To George Lord, honesty was not a personal idiosyncracy, but a demand of Reality, of Holy Reality, upon his soul. In it he found the anchor of life. So do many men like him, today; Albert Schweitzer, for example, is of his spiritual kin. For to be honest, to delight in the beauty and light of the Gospels, beating down upon the soul, and then to kneel, is to know God. To see in honesty the call of the universe to the individual, as did he, to be content in bearing one's witness to indescribable but not unreverenced or unworshipped truth, is to light many a candle, waiting with smouldering wick, in the dark; it is to find in one's conscience a bridge from this world to the higher world, beyond us, before us, and above us.
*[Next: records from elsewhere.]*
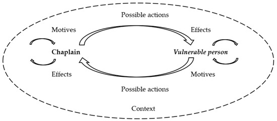 As we see in this case study, vulnerable persons such as Anna may seek pastoral accompaniment from a chaplain like Peter. A chaplain is ‘a clergyman or layperson who has been commissioned by a faith group or an organization to provide pastoral services in an institution, organization or governmental entity’ (Smith 2005, p. 136). It does not matter whether Peter is a clergyman or a layperson. His mission is to provide pastoral services. We propose our own definition of pastoral accompaniment: ‘an empowering companionship between a pastor and a conversation partner, whereby the pastor, inspired by the Christian tradition, community and spirituality, supports the conversation partner in his or her own quest for meaning and/or faith in life’ (Liégeois 2013, pp. 202–3). This concept of pastoral accompaniment is fundamentally relational because the companionship between chaplains and the other persons is central. Chaplains are companions who share the vulnerable persons’ search for meaning or faith. In that search, chaplains can help clarify meaning or faith, as well as further deepen that meaning or faith. Above all, accompaniment is an empowering companionship. The goal of pastoral accompaniment is that chaplains, through this relationship and search for meaning or faith, strengthen vulnerable persons to take responsibility for their lives.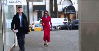 而远在纽约的贝嫂,被拍到穿着自家品牌的衣服走路....这姿势...像在走秀...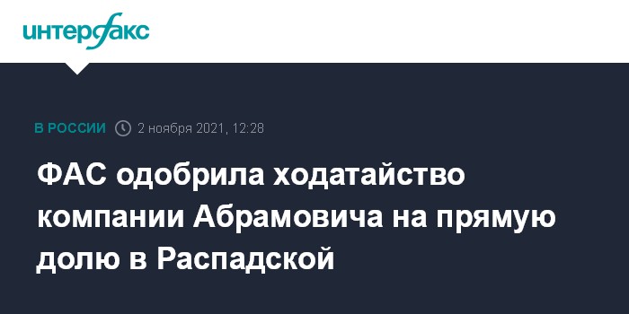 Москва. 2 ноября. INTERFAX.RU - Федеральная антимонопольная служба сообщила, что удовлетворила ходатайство компании Романа Абрамовича Greenleas International (владеет 28,64% в Evraz) о приобретении 26,74% ПАО "Распадская".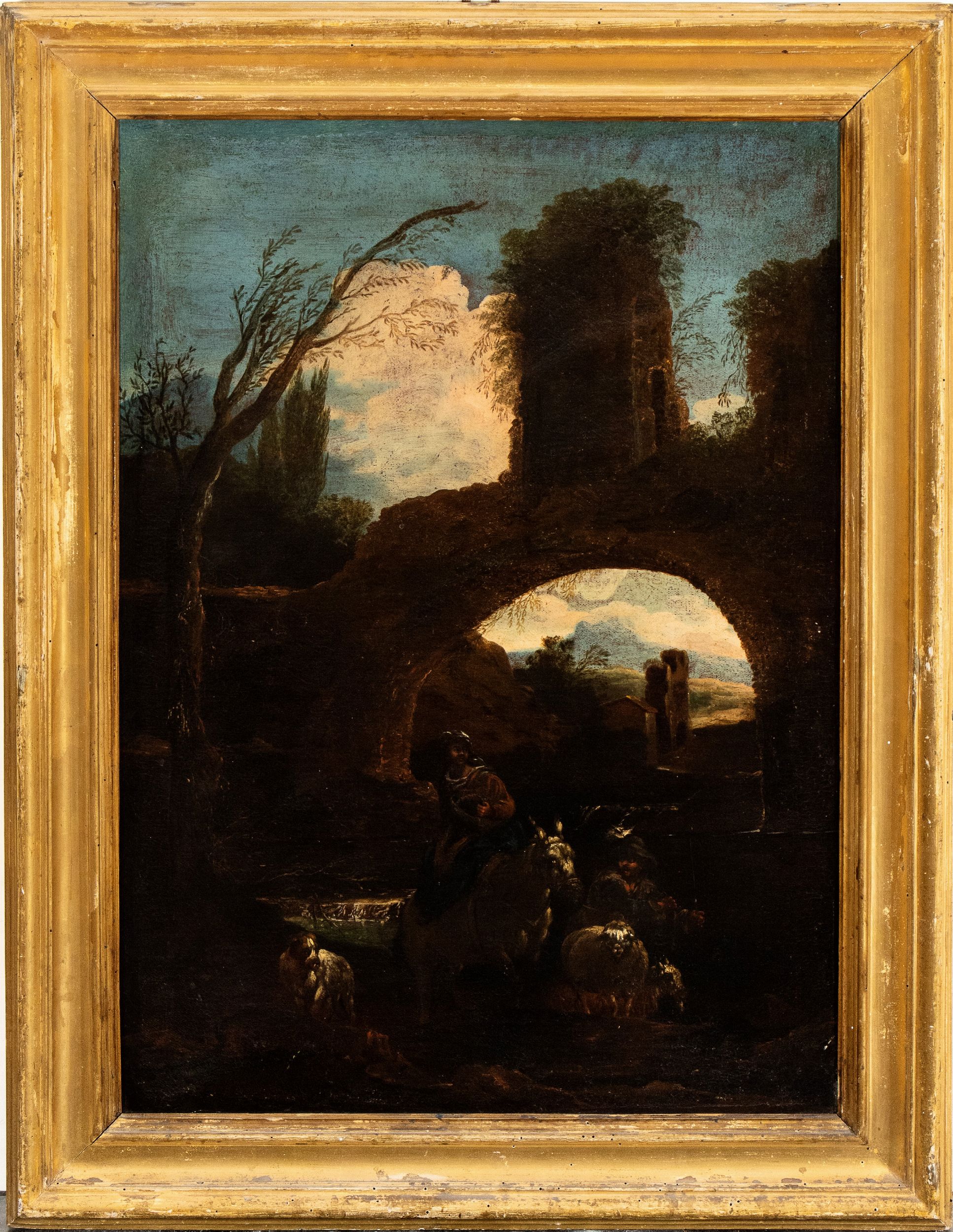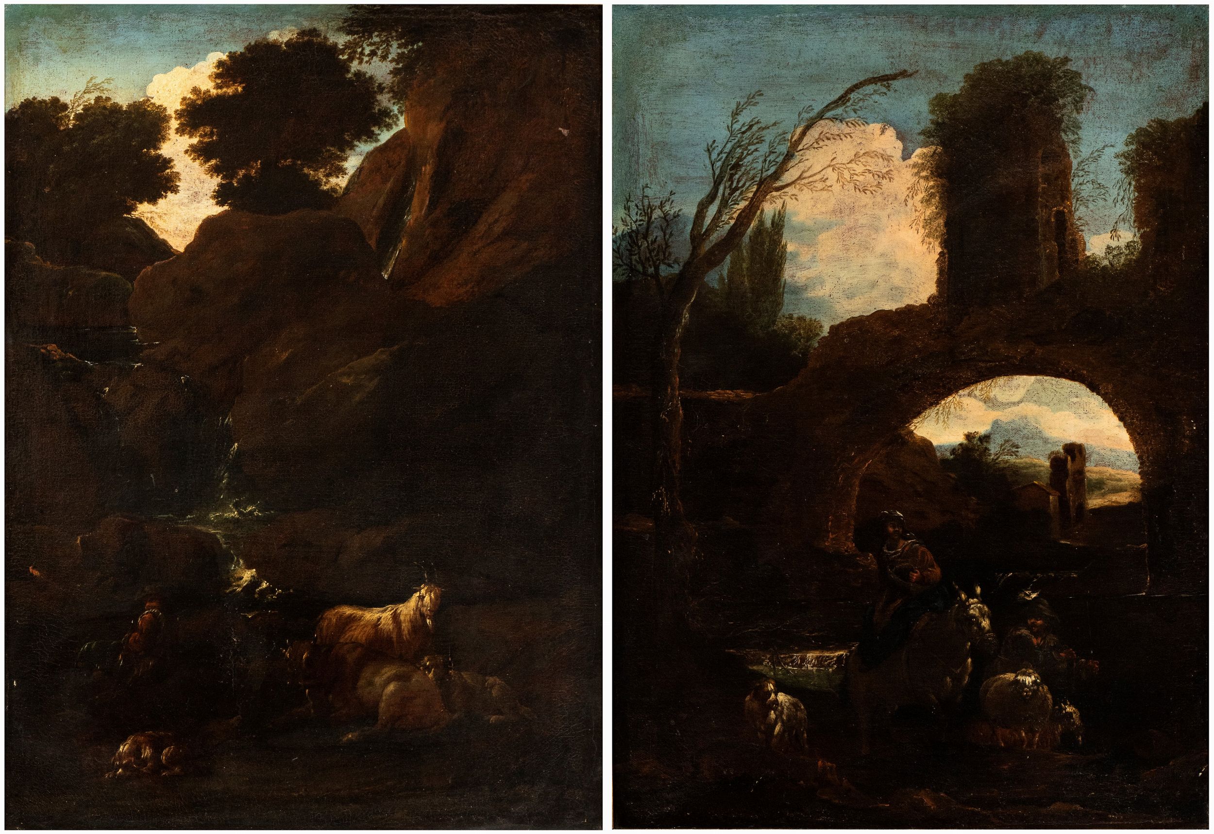 a) Paesaggio con arco in rovina, pastore e armenti; b) paesaggio con corso d'acqua, [..]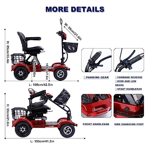 - [ASSISTEMENT COMFORTABLE] – Le siège et le dossier en cuir épais et luxueux offrent un amortissement et un soutien en douceur. Le siège réglable en hauteur peut facilement être personnalisé pour détendre vos jambes, vous apportant une expérience de conduite confortable. Le scooter électrique est également entouré de deux accoudoirs rembourrés qui peuvent être relevés pour une plus grande commodité lorsque vous montez ou descendez du scooter.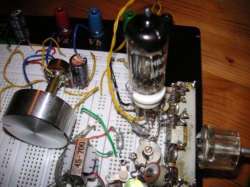 Der Schwingkreis liegt nun völlig frei. Keine Antenne und trotzdem recht guter Empfang. Das gefällt mir überhaupt nicht. Ich vermute, dass der freie, offene Aufbau auf meinem Laborbrettchen und / oder die Zuleitungen aus meinem Röhrennetzteil dafür verantwortlich sind. Damit sind aber auch die nicht gewollten Abstrahlungen weiter vorhanden.
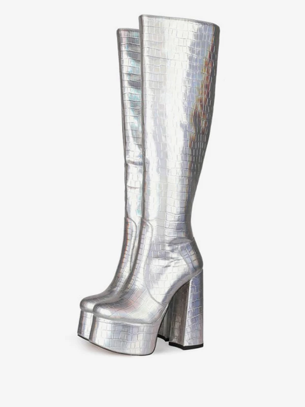 Knee-High Boots Leather Silver Round Toe Bright Leather Chunky Heel Dazzling Women Knee Length Boots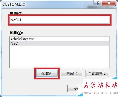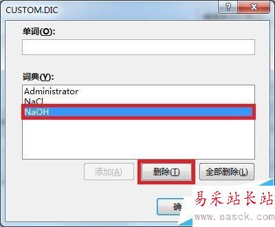 7、添加后再詞典列表中看到該詞,如果不需要了,還可以點擊刪除,最后確定即可。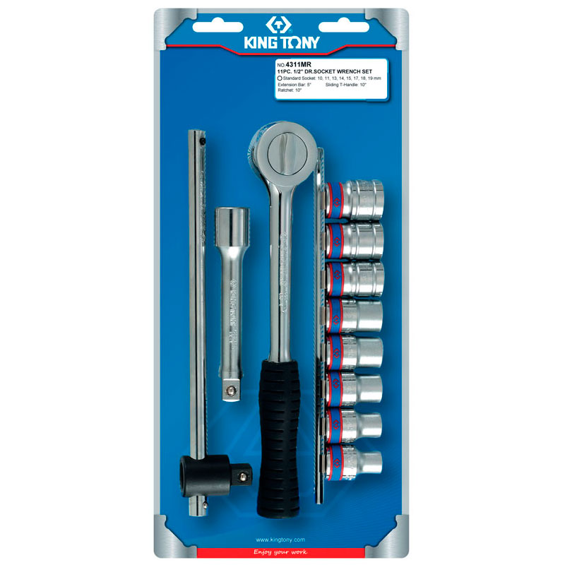 Набор известного бренда King Tony включает в себя восемь 6-гранных торцевых головок на подставке, скользящий вороток, удлинитель и трещотку с прорезиненной рукояткой и флажковым переключателем. Данный комплект применяется при ремонтных, слесарных и монтажных работах. Изделия выполнены из легированной закаленной стали, устойчивой к коррозии и механическим повреждениям. Характеризуются долговечностью и высоким качеством исполнения.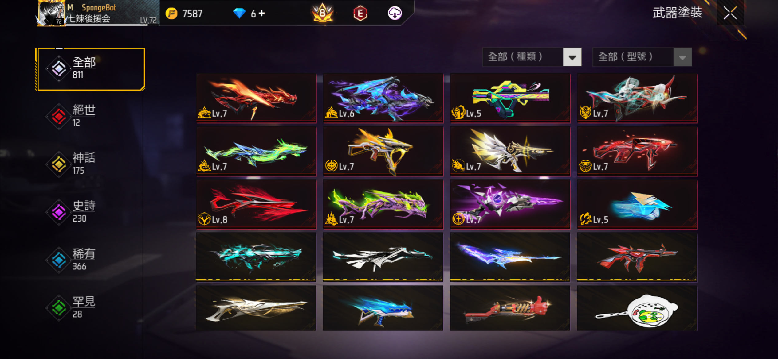 【72等】 武器帳刺客狙700衣800武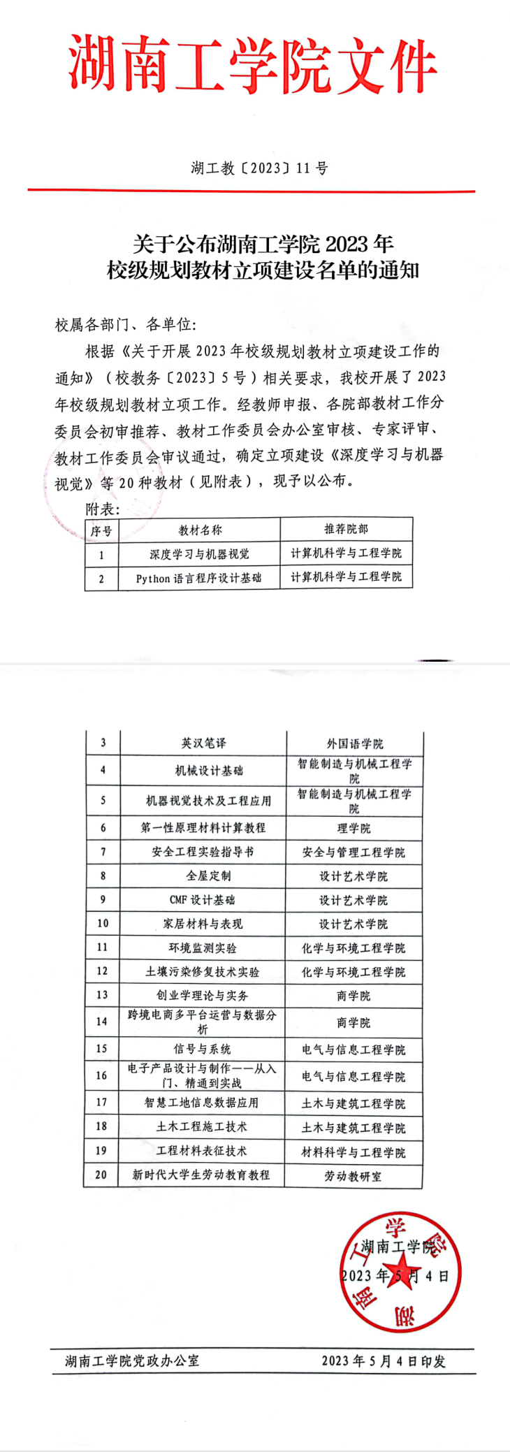 湖工教〔2023〕11号 关于公布beat365正版唯一官网必一2023年校级规划教材立项建设名单的通知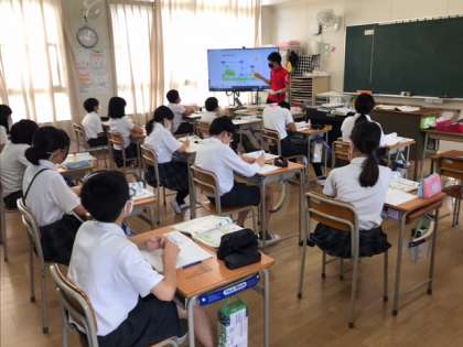 6年1組は、理科の時間で植物の仕組みをICTを活用して学んでいます。

Now, honesty of this uncompromising sort does tend to isolate one's soul; sometimes it brings upon one periods of deep depression; but it would not be persisted in, did it not carry in its texture unforgettable moments of grandeur. So George Lord heard the Lord say: "Son of Man, stand firm upon thy feet; behold, I speak to thee." And as he listened, and as we saw his eyes shining, he blessed us. So, thank God. many of us will remember him—listening, shining, searching, chal- lenging. Across his later years of weakness, there shines from his soul to ours the light which lighteneth every man that cometh into the world, but which is reflected with peculiar lustre from men as honest and as affectionate and as reverent as George Lord.
A CHARACTERISTIC POSE of the late Prof. George Dana Lord '84, who was a faithful reader of The New York Times and a keen judge of news.